This project focuses on predicting diseases using various machine learning models. We import and clean the data, selecting features for our model. The dataset contains variables representing various clinical symptoms, with prognosis as the outcome, which is a result of the combination of symptoms. The dataset was sourced from Kaggle: Disease Prediction Using Machine Learning
The data is prepared by importing and cleaning, with all missing values addressed. Our final dataframe has no missing values and prognosis has 42 unique categorical values representing various diseases. All other variables are valued either 1 or 0.
In our feature selection phase, we use the Boruta package for feature selection and importance ranking. As a result of the Boruta feature selection, "fluid_overload" was rejected and removed from the data.
The data is then divided into training and test datasets, using a 70/30 split. This split is performed randomly but ensures balanced outcome classes.
We use various machine learning algorithms, including Decision Trees, Naive Bayes and Support Vector Machines (SVM), to create predictive models. The models are compared using various metrics.
The Decision Trees are a type of Supervised Machine Learning where the data is continuously split according to a certain parameter. This model achieved an accuracy of 89.70%.
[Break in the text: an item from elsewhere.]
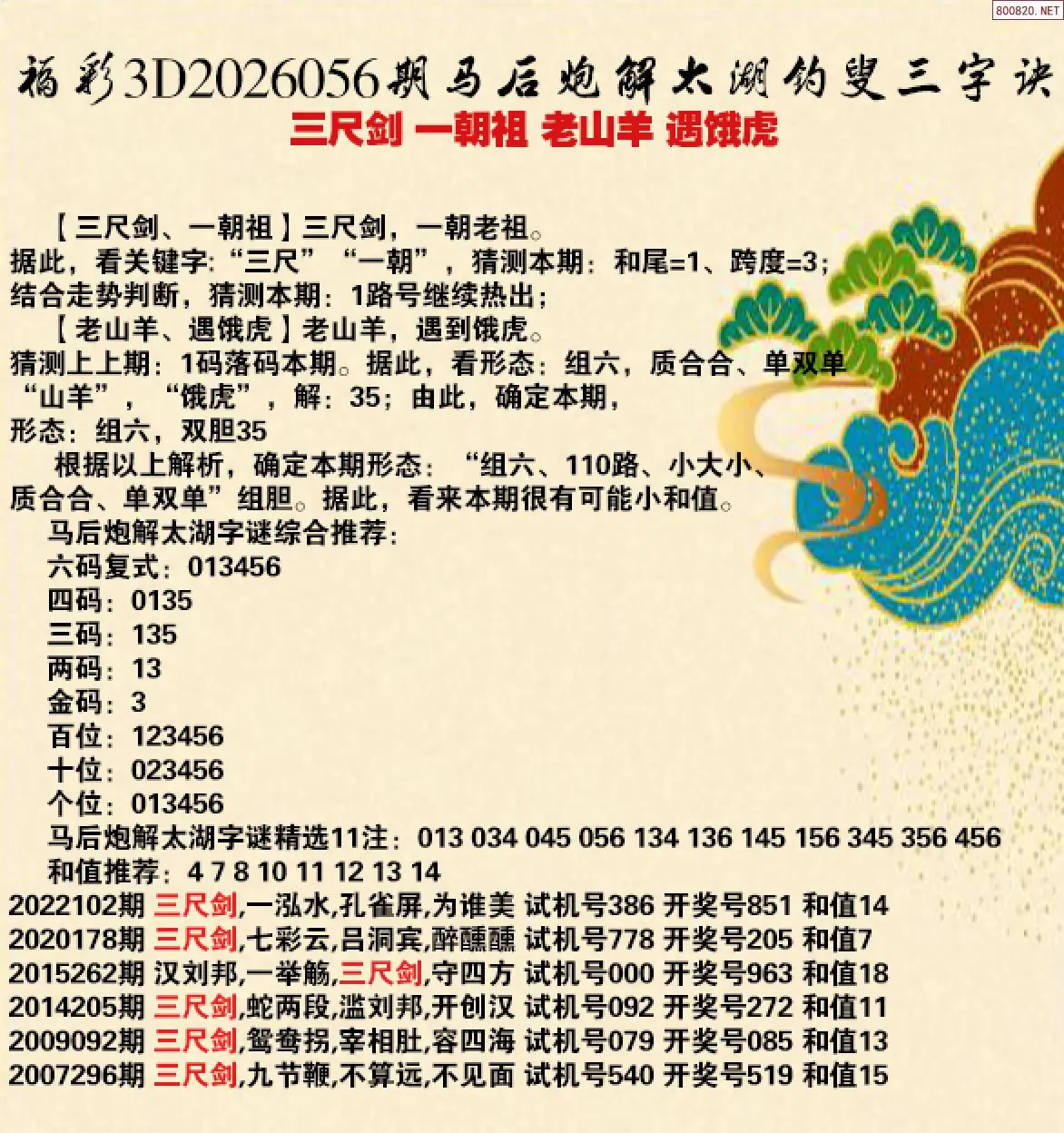 首页〉 解太湖 走势图 3D胆码3D预测3D图谜3D字谜解太湖3D技巧3D条件3D杀码天齐图库走势图工具试机号 26年056期马后炮解太湖字谜之-三尺剑 一朝祖 老山羊 遇饿虎 专题:马后炮解太湖谜 发布时间:2026-03-06 20:33 开奖:3D开奖结果3D近10期试机号 推荐:宝彩APP 免费方案 智能荐号 热点导航 公告: 天齐新版APP<中大多>上线,点击领鲜 最新文章 中大多 3D第2026056独家料一码 3D第2026056高手3码独胆精准 26年056期 3D专家解今日太湖字谜汇总(天齐网整理汇总)26056期3D丹东解太湖 天龙一语 布衣神算26年056期孔方来萃专解太湖钓叟三字诀26056期太湖字谜钓叟 - 三尺剑 一朝祖 老山羊 遇饿虎26年056期白鱼舟太湖钓叟三字诀解谜天涯草解太湖26年056期太湖 老山羊 更多解太湖 > 福彩3D 双色球 大乐透 排列三 更多> 3D胆码 3D预测 3D字谜 3D图谜 解太湖 3D条件 3D杀码 P3预测 P3图谜 P3字谜 P3条件 P3胆码 P3杀码 热点导航 天齐图库 走势图 工具图表 试机号 宝彩专家 智能荐号 菜单导航 关闭 福彩3D 3D专家 3D胆码 3D预测 3D字谜 3D图谜 解太湖 3D条件 3D杀码 3D技巧 3D走势图 体彩P3/P5 P3专家 P3预测 P3图谜 P3字谜 P3条件 P3胆码 P3杀码 P5预测 P3走势图 双色球 双色球专家 双色球预测 双色球杀号 双色球字图 双色球胆码 双色球走势 双色球技巧 大乐透 大乐透专家 大乐透预测 大乐透杀号 大乐透胆码 大乐透技巧 大乐透走势 天齐图库 七星彩 七星彩专家 七星彩预测 七星彩图谜 七星彩杀号 七星彩技巧 七星彩走势 天齐走势 七乐彩 七乐彩专家 七乐彩预测 七乐彩杀号 七乐彩技巧 七乐彩走势 热点导航 彩宝网 宝彩网 宝彩网 开奖公告 宝彩专家 牛票票

The Naive Bayes classifier, a probabilistic model that uses Bayes' Theorem with strong (naïve) independence assumptions between the features, achieved an impressive accuracy of 100%.
The Support Vector Machines (SVM), a maximum margin classifier, also achieved an accuracy of 100%.
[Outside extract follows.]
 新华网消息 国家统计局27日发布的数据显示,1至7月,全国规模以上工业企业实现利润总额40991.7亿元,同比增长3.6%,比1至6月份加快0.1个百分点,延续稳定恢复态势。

In comparison, the SVM and Naive Bayes models performed better than the Decision Tree model in terms of accuracy, specificity, and sensitivity.
However, in a real-world scenario, it is impractical to achieve an accuracy of 100%. As a result, it can be inferred that the models are overfitting due to the unavailability of accurate data. This indicates a potential need for additional data or the application of regularization techniques to improve model performance.
By using these models, we can develop systems that are capable of predicting diseases based on a set of symptoms, potentially helping in providing early and more accurate diagnoses. However, it should be noted that these models should not replace professional medical advice but can provide valuable insights and supplement professional medical judgement.
The project is a stepping stone in the field of medical diagnosis using machine learning, with potential for further optimization and refinement. Contributions and suggestions for improvements are always welcome.